**PROMPT:**
With pictures left out, retype the lines from the start of the records through the one that contains "يستخدم حاقن PoE".

(Recorded data)
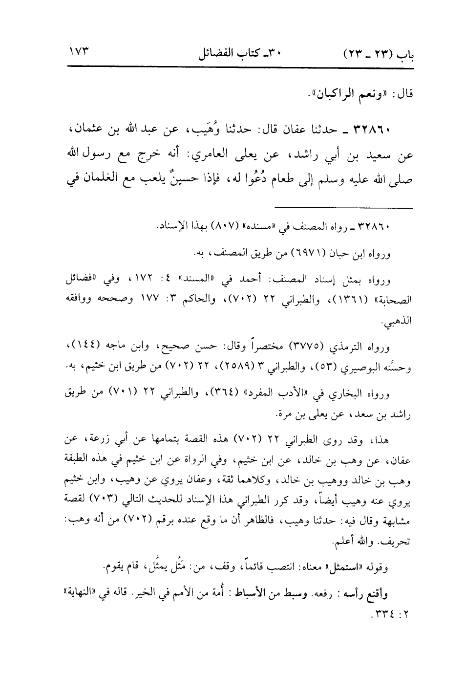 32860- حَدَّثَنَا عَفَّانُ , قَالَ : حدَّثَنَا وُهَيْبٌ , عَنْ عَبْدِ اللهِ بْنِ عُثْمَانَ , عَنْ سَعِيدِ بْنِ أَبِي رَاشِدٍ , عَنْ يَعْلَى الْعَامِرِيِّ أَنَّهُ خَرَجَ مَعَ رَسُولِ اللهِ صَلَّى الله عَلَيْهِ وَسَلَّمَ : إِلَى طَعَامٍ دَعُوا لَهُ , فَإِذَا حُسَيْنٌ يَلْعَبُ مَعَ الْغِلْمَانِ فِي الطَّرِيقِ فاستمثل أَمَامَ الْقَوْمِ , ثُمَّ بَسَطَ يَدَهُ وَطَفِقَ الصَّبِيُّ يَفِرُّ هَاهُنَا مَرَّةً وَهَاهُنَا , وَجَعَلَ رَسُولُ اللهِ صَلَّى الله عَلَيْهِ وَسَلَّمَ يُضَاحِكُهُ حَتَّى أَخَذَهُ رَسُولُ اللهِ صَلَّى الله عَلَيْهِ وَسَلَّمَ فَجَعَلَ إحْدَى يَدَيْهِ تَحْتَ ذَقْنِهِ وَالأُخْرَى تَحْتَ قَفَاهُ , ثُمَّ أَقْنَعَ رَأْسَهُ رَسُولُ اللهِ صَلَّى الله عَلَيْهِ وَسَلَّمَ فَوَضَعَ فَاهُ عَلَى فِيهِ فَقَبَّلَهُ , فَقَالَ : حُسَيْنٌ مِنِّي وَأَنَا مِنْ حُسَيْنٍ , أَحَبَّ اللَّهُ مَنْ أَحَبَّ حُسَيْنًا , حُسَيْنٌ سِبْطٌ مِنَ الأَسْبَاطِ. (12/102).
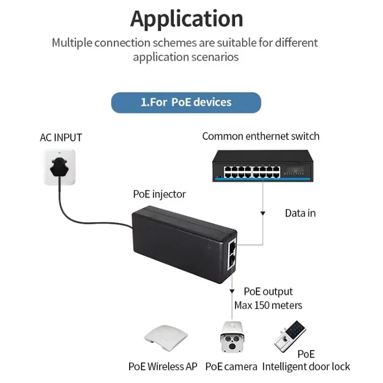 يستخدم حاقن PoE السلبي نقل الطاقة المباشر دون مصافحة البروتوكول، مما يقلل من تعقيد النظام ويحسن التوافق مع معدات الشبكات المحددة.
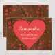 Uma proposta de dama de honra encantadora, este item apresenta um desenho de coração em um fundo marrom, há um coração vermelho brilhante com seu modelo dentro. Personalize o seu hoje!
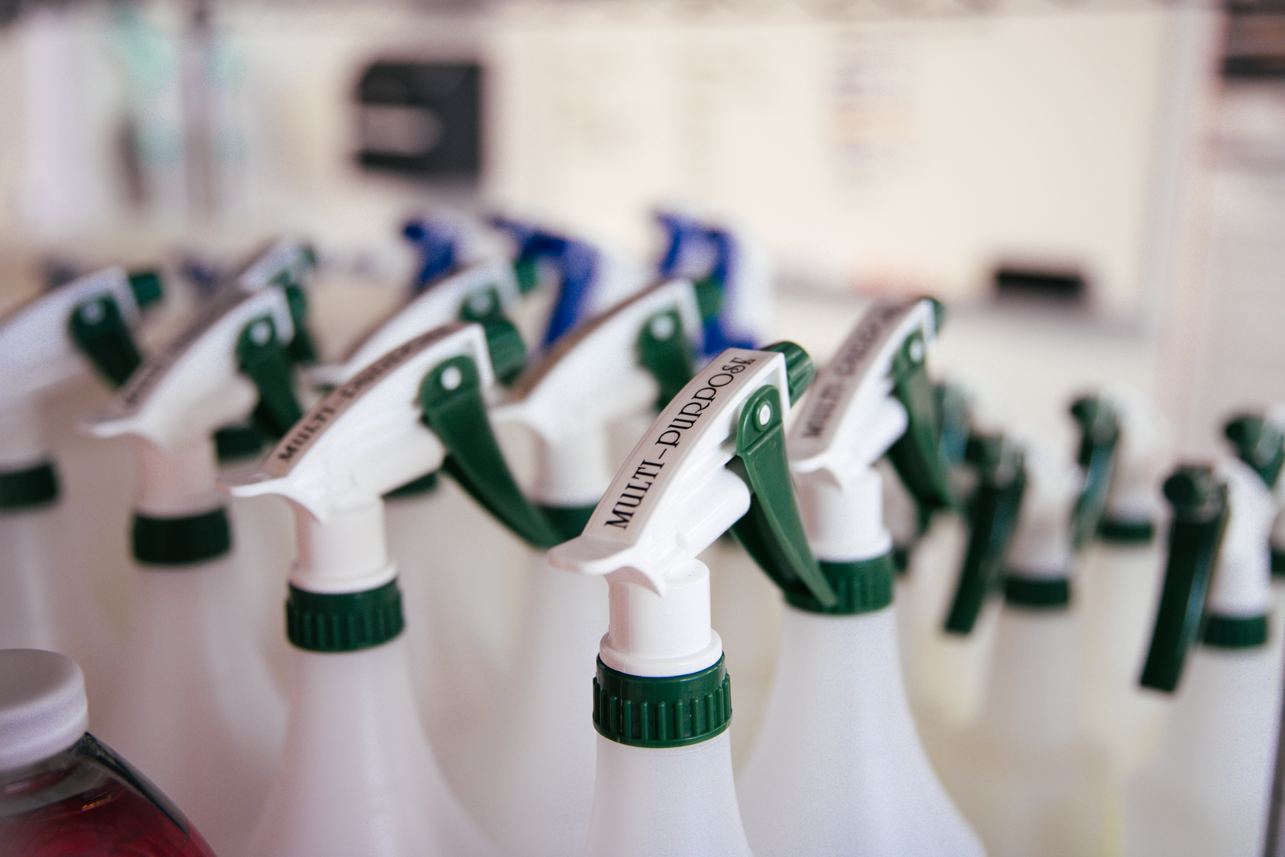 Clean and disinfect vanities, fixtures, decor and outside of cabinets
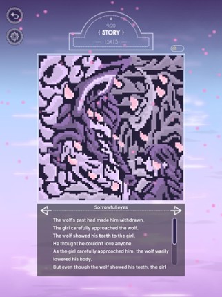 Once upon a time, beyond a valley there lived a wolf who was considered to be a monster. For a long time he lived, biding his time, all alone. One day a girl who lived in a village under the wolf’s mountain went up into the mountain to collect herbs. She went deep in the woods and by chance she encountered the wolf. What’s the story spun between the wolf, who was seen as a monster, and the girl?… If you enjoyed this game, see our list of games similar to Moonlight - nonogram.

**RESPONSE BELOW:**
 32860- حَدَّثَنَا عَفَّانُ , قَالَ : حدَّثَنَا وُهَيْبٌ , عَنْ عَبْدِ اللهِ بْنِ عُثْمَانَ , عَنْ سَعِيدِ بْنِ أَبِي رَاشِدٍ , عَنْ يَعْلَى الْعَامِرِيِّ أَنَّهُ خَرَجَ مَعَ رَسُولِ اللهِ صَلَّى الله عَلَيْهِ وَسَلَّمَ : إِلَى طَعَامٍ دَعُوا لَهُ , فَإِذَا حُسَيْنٌ يَلْعَبُ مَعَ الْغِلْمَانِ فِي الطَّرِيقِ فاستمثل أَمَامَ الْقَوْمِ , ثُمَّ بَسَطَ يَدَهُ وَطَفِقَ الصَّبِيُّ يَفِرُّ هَاهُنَا مَرَّةً وَهَاهُنَا , وَجَعَلَ رَسُولُ اللهِ صَلَّى الله عَلَيْهِ وَسَلَّمَ يُضَاحِكُهُ حَتَّى أَخَذَهُ رَسُولُ اللهِ صَلَّى الله عَلَيْهِ وَسَلَّمَ فَجَعَلَ إحْدَى يَدَيْهِ تَحْتَ ذَقْنِهِ وَالأُخْرَى تَحْتَ قَفَاهُ , ثُمَّ أَقْنَعَ رَأْسَهُ رَسُولُ اللهِ صَلَّى الله عَلَيْهِ وَسَلَّمَ فَوَضَعَ فَاهُ عَلَى فِيهِ فَقَبَّلَهُ , فَقَالَ : حُسَيْنٌ مِنِّي وَأَنَا مِنْ حُسَيْنٍ , أَحَبَّ اللَّهُ مَنْ أَحَبَّ حُسَيْنًا , حُسَيْنٌ سِبْطٌ مِنَ الأَسْبَاطِ. (12/102).
 يستخدم حاقن PoE السلبي نقل الطاقة المباشر دون مصافحة البروتوكول، مما يقلل من تعقيد النظام ويحسن التوافق مع معدات الشبكات المحددة.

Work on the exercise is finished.